Beyond 2020 - new farm policy
There is ample evidence that policy needs to do more to ensure British farmers can deliver a sustainable, healthy, ethical food system.
Our farming and food system are in trouble: from adverse health effects, lost farmland wildlife and diversity, animal health and welfare issues, to a crisis in farm incomes, rapid decline in smaller and family farms, and damage to the global environment.
As we leave the Common Agricultural Policy, we should take the chance to fix these problems.
Download Sustain’s briefing Beyond 2020: New farm policy, top-line summary below
We have consulted with our Sustainable Farming Working Party and more widely, and believe the following principles should underpin future farm policy when we leave the European Common Agricultural Policy.
We believe that a focus on high volume, low standard production would be wrong for UK farming, as would a relaxation in standards as a political trade-off for cuts in farm support. Further, we believe that it is high time that policy-makers work with a broader and more sustainable definition of farm productivity, and that policy should be devised with due regard for public health as a public good.
New devolved farm policy should be based on a strong commitment, supported by taxpayers and a well-regulated market, for sustainable, resilient, nature friendly farming industry that can deliver healthy diets for all, ensure safe food and high animal welfare and which minimises negative global impacts.
Financial and other support must be targeted and based on the principle of public benefits for public investment. It should deliver diversity in production and farming and be underpinned by effective regulation and enforcement, based on the precautionary principle, to protect people, the rural economy, environment and livestock. UK trade deals must not undermine the delivery of this vision in each devolved administration and should enable other countries to deliver their food sovereignty.
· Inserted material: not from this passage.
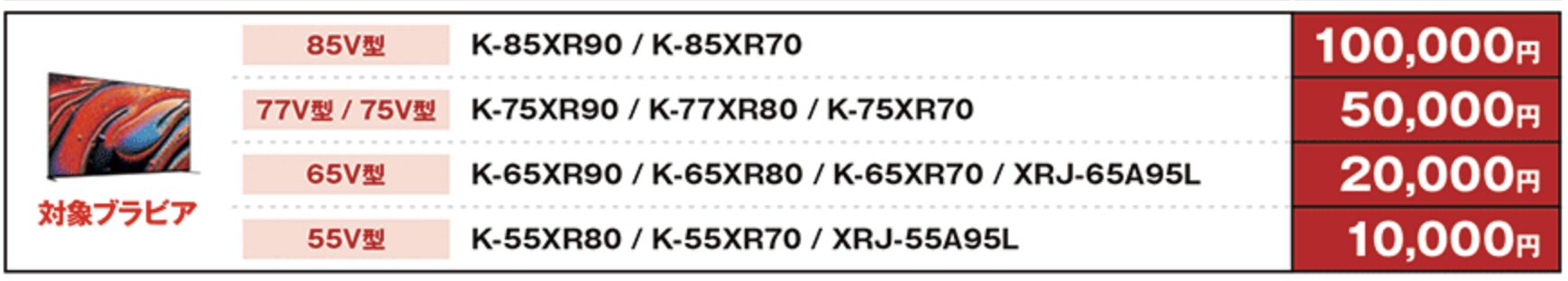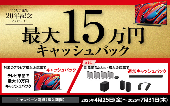 対象のブラビア購入とエントリー完了で最大15万円のキャッシュバック!
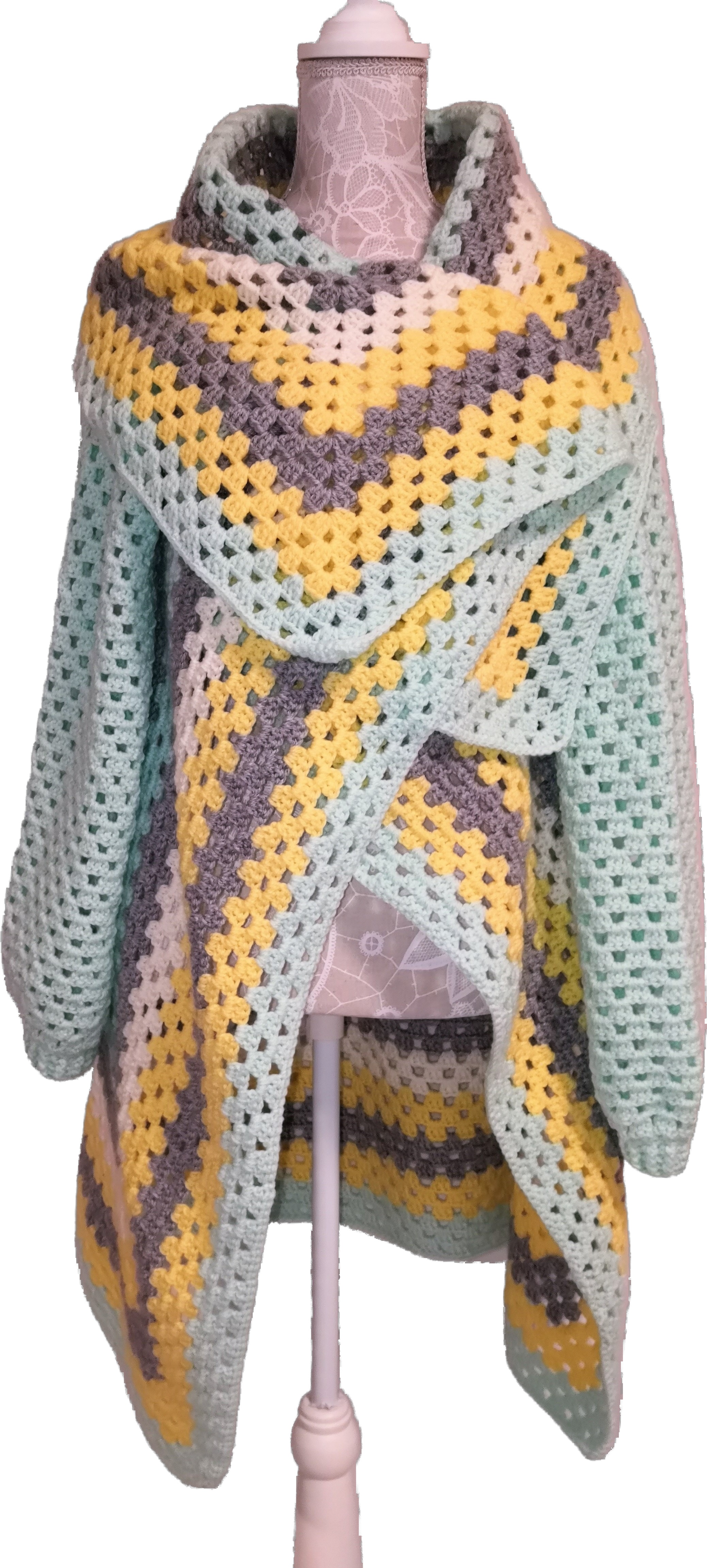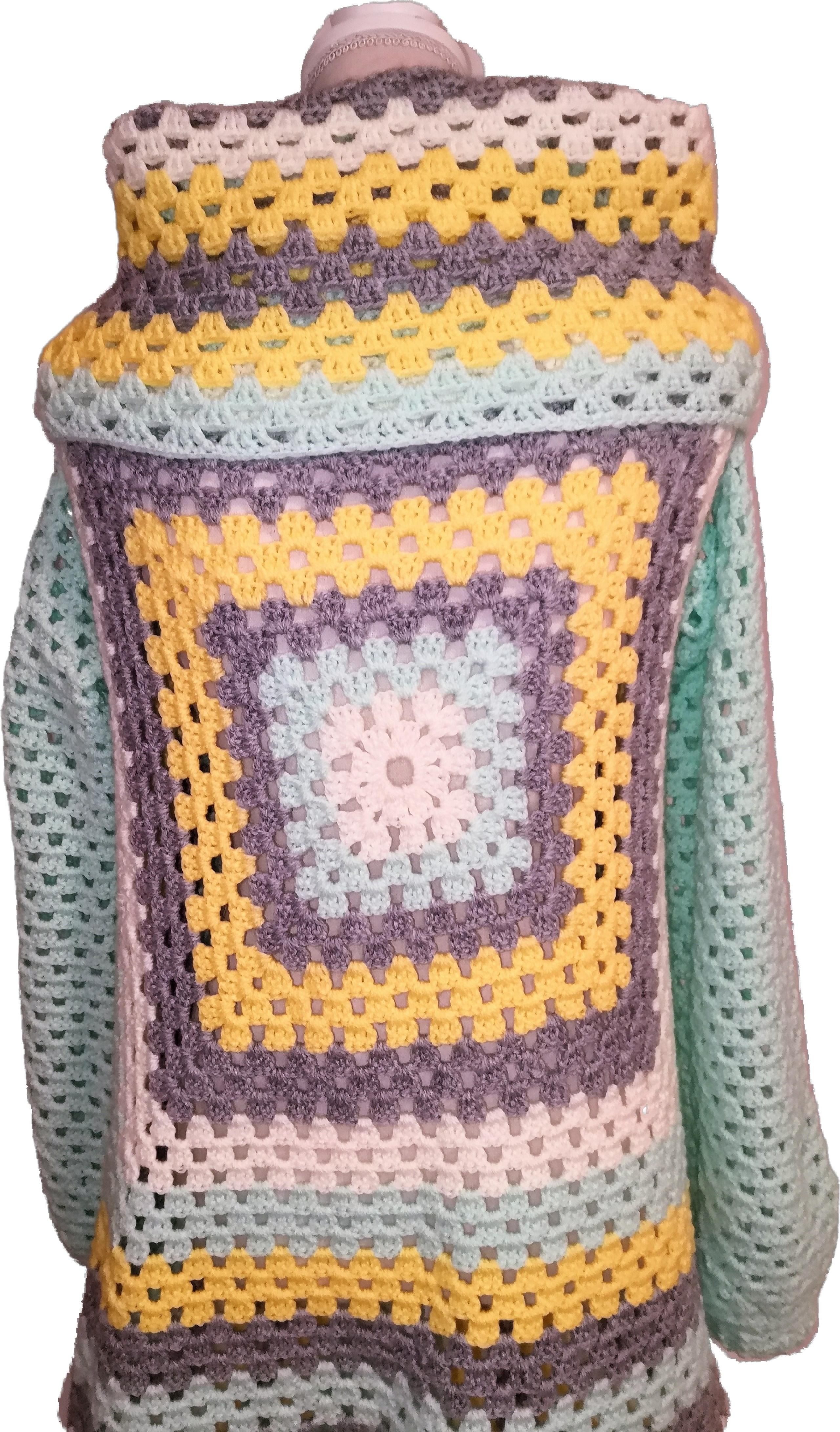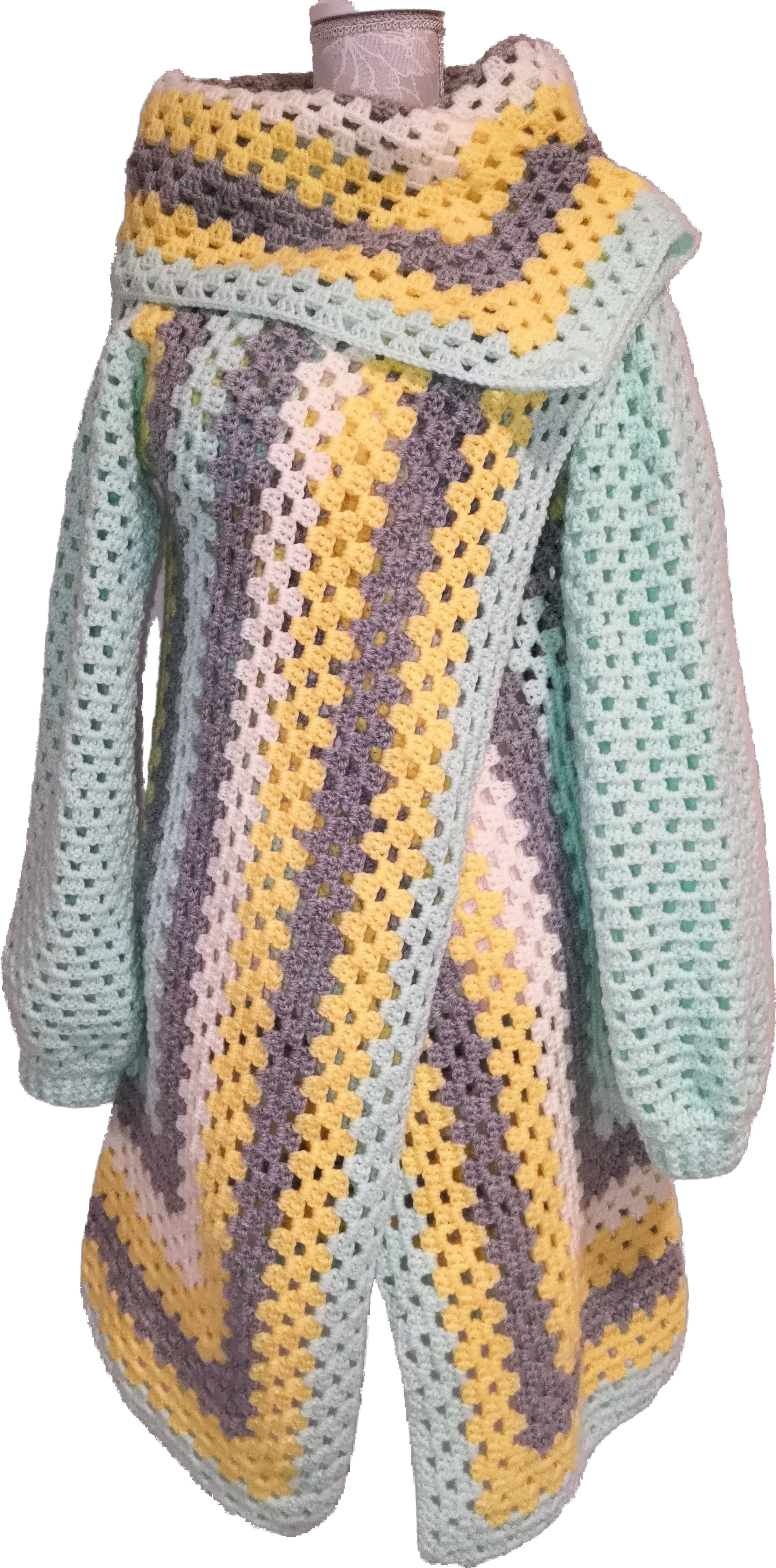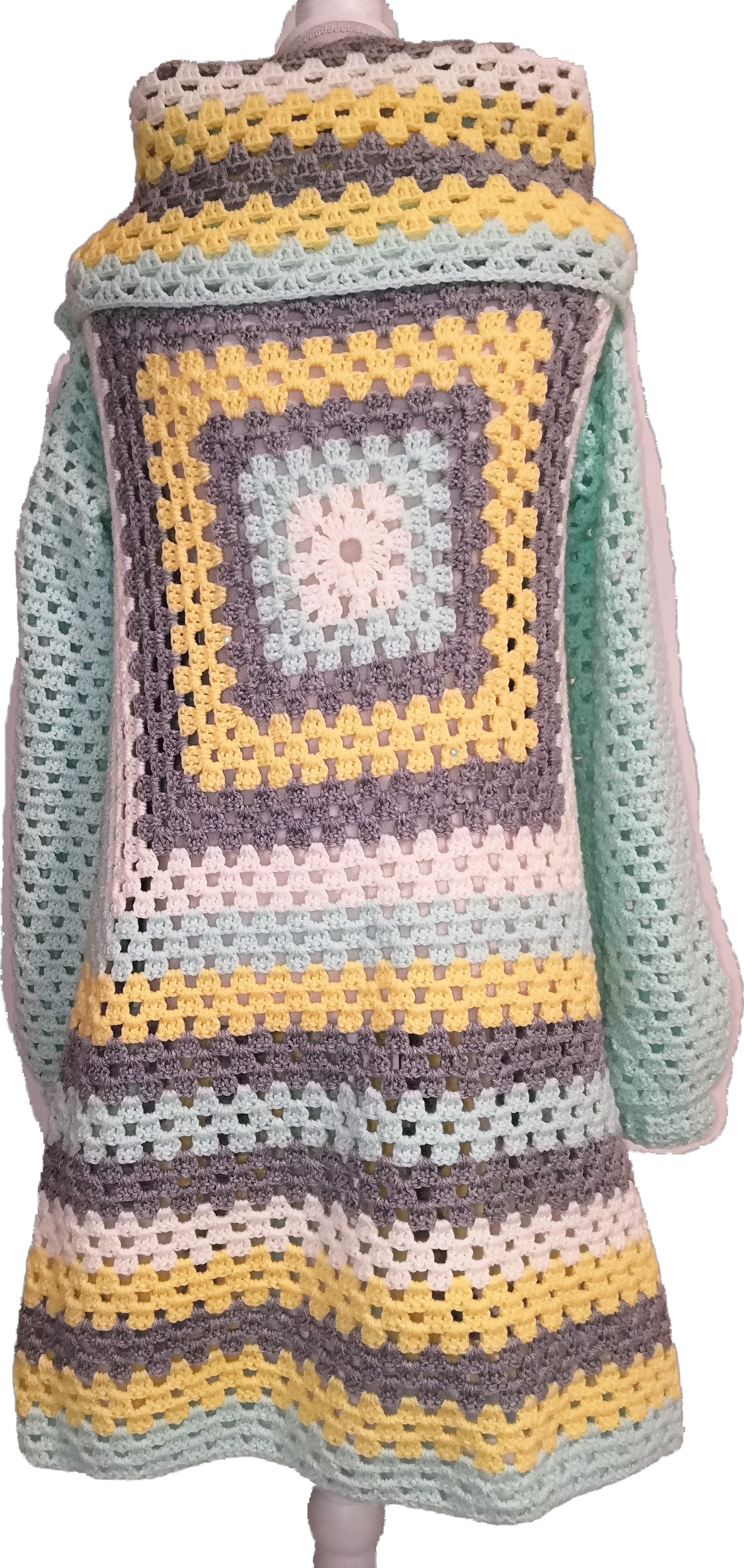 Handgefertigter Cardigan – Granny-Square-Style in Hellgrau, Creme, Gelb und Mint

The four policy strands the Sustain alliance proposes include:
- A new, universally available Land Management Support scheme with three elements: a menu of outcomes; an organic scheme; and a whole-farm scheme. Specific LMS strands would be available to boost agro-forestry, extensive pasture-based livestock, horticulture; new entrants and succession planning. There is a strong case for front loading and/or capping payments to use the support wisely;
- Sustainable business, capital and infrastructure support with specific help for smaller businesses;
- A new publicly funded programme of low-cost advice and support for a farmer-to-farmer advisory network;
- Wider policy framework reform including: maintaining and enhancing land-based regulations to prevent harm; a strengthened and extended Groceries Code Adjudicator to protect farmers from unfair trading practices and policies to encourage retail diversity; maintaining organic legal standards; labelling regulations to drive up demand for food based on higher standards; reforms to tenancy rules; strong labour regulations to value farm workers and enhance employment and re-employment; high public procurement standards and delivery; and trade policies that promote these commitments.